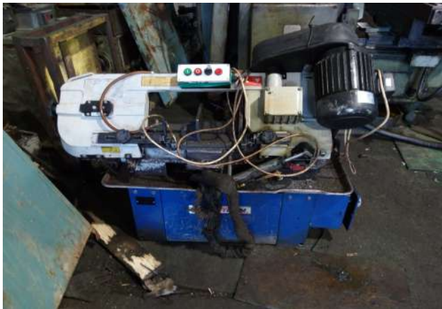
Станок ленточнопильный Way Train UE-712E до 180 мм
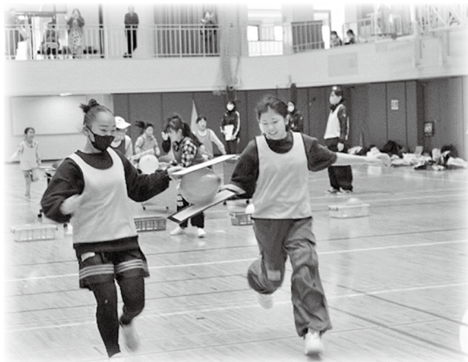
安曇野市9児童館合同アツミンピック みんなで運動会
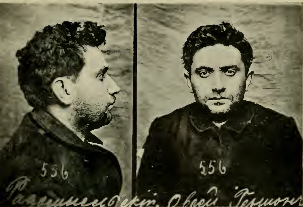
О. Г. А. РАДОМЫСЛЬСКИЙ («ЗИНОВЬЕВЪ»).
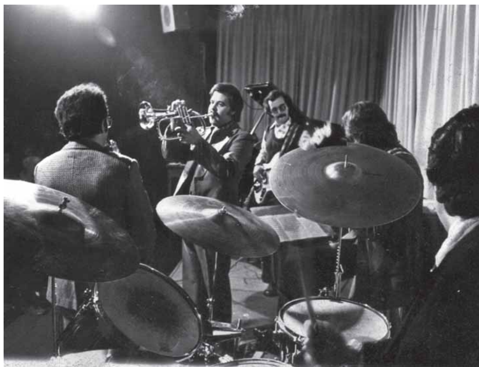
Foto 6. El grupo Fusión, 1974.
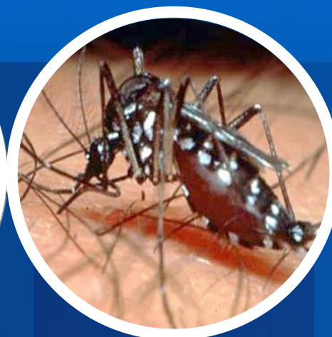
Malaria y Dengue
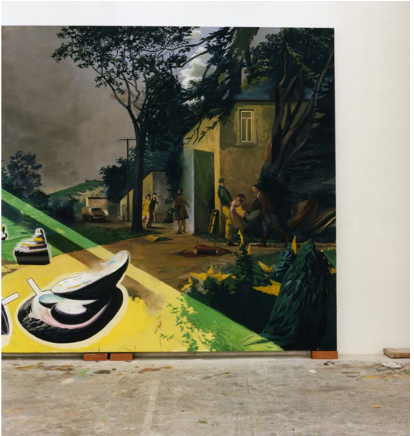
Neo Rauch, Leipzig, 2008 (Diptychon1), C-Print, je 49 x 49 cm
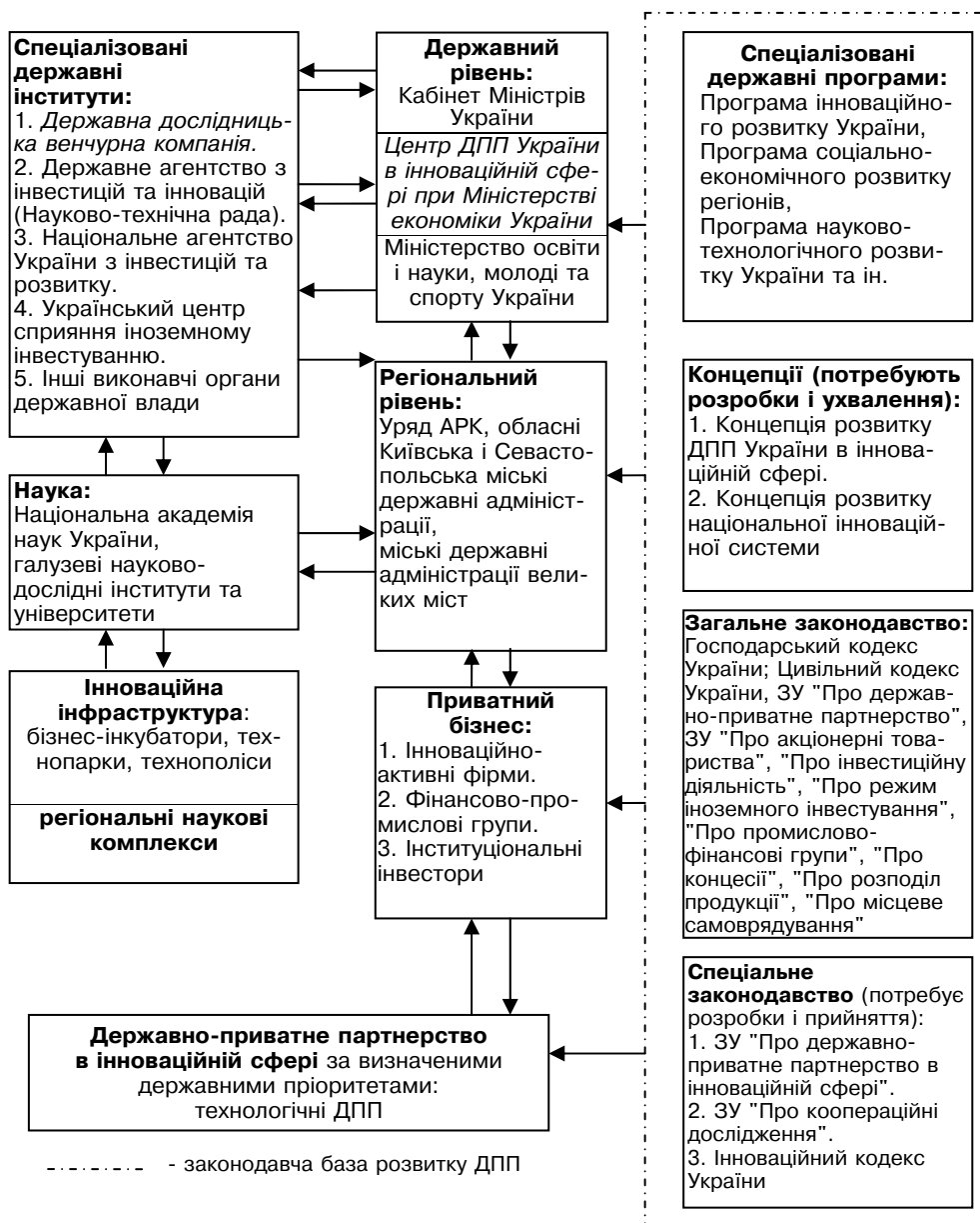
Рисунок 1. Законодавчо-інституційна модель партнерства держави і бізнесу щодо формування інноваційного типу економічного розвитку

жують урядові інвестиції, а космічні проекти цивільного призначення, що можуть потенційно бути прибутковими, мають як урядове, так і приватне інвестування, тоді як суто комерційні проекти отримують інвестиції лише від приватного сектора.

+ + + + +

> REQUIREMENT
Skip the pictures. Write out exactly the lines from the one with "Neo Rauch, Leipzig, 2008" through the last line of the listing, both ends included, and nothing more.

> ANSWER TO THIS EXERCISE
Neo Rauch, Leipzig, 2008 (Diptychon1), C-Print, je 49 x 49 cm
Рисунок 1. Законодавчо-інституційна модель партнерства держави і бізнесу щодо формування інноваційного типу економічного розвитку

жують урядові інвестиції, а космічні проекти цивільного призначення, що можуть потенційно бути прибутковими, мають як урядове, так і приватне інвестування, тоді як суто комерційні проекти отримують інвестиції лише від приватного сектора.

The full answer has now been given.